April 25, 2003

Suspicion or Acceptance?

Yersterday, Fr. David and I exchanged some responses to the article I linked to on male headship from a recent issue of Touchstone. In my last response, I indicated, though didn't detail, what I thought was the basis for the difference between our two responses. Nonetheless, let me suggest that perhaps the biggest gulf that lies between the two stances is in the relationship between them and the Tradition. These stances can perhaps properly be understood as the approaches of acceptance and suspicion.

Since suspicion is something of a loaded term, let me clarify what I mean. The very essence of Protestantism is to view the Tradition with skepticism. Though certain sociopolitical matters exacerbated the tensions between Rome and the men who would eventually break with Rome, nonetheless, in theological terms, the Reformers objected to the use which the Roman Church made of the Tradition, and increasingly with the Tradition itself. A, to me, legitimate gripe with regard to indulgences, soon led to criticisms of clerical traditions, liturgical traditions, sacramental traditions--all of which built to a suspicion of Tradition itself. Tradition, as the embodiment of the Faith of the Church in specific traditions, could not be taken wholecloth, but had to be sifted and culled for that which was True. Add to that a little Anabaptist fire, a little Restorationist primitivism, and soon Tradition, rather than being something to which Christians are to hold, became a dirty word, an anathema.

Add to this Protestant suspicion the critical sociopolitical projects fueled by Nietzsche, Marx and Freud, and their present incarnations in the various aspects of critical theory, which is the essential core of peace and justice movements, and Tradition is not only an anathema, it's positively evil.
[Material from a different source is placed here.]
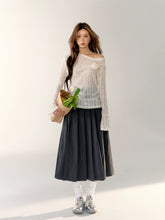 Asgony, Black & Gray Hollow Knit 3D Floral Sweater

In other words, present day (indeed, modern and postmodern) Protestants come "pre-wired," as it were, to be critical and suspicous of the Tradition of the Church One extreme simply throws out Tradition altogether. (I hardly think Fr. David is anywhere near this camp.) But mostly--and thankfully in increasing numbers it seems--Protestants appreciate significant portions of the Tradition, even if they view Tradition as the kernel which we need to strip of its extraneous chaff.

So when it comes to matters, such as I listed yesterday, of the issues of women's ordination, sexuality, male headship, abortion, the conversations take place on two different levels. The partners in the dialogue are all putting forth their best arguments, and critiquing their opponents, but they talk past one another because the beginning assumptions are completely different. Advocates for women's ordination, for example, begin with presuppositions based on modern concepts of humanity (egalitarian), then proceed backward to interpret the Scripture and Tradition in such a way so as to fit those presuppositions. Opponents of women's ordination begin with presuppositions that reflect a patriarchal concept of humanity (and frankly, despite how this word is understood almost totally perjoratively today, it is the only one that seemed etymologically fitted for this context--and this "patriarchal" view is labelled complemenatrianism), then proceed to handle Tradition and Scripture in line with that thinking. So even though the opposing sides use similar words and argue in similar ways, they're not even playing on the same field.

In other words, what I'm suggesting is that the debate on these matters can't even take place until we answer the question: what's our starting point? The brouhaha over the TNIV translation of the New Testament, over women's ordination, all revolve around this issue. Is the Tradition to be taken whole and lived to the best of our ability. Or is it to be tamed and shaped to fit the way we live?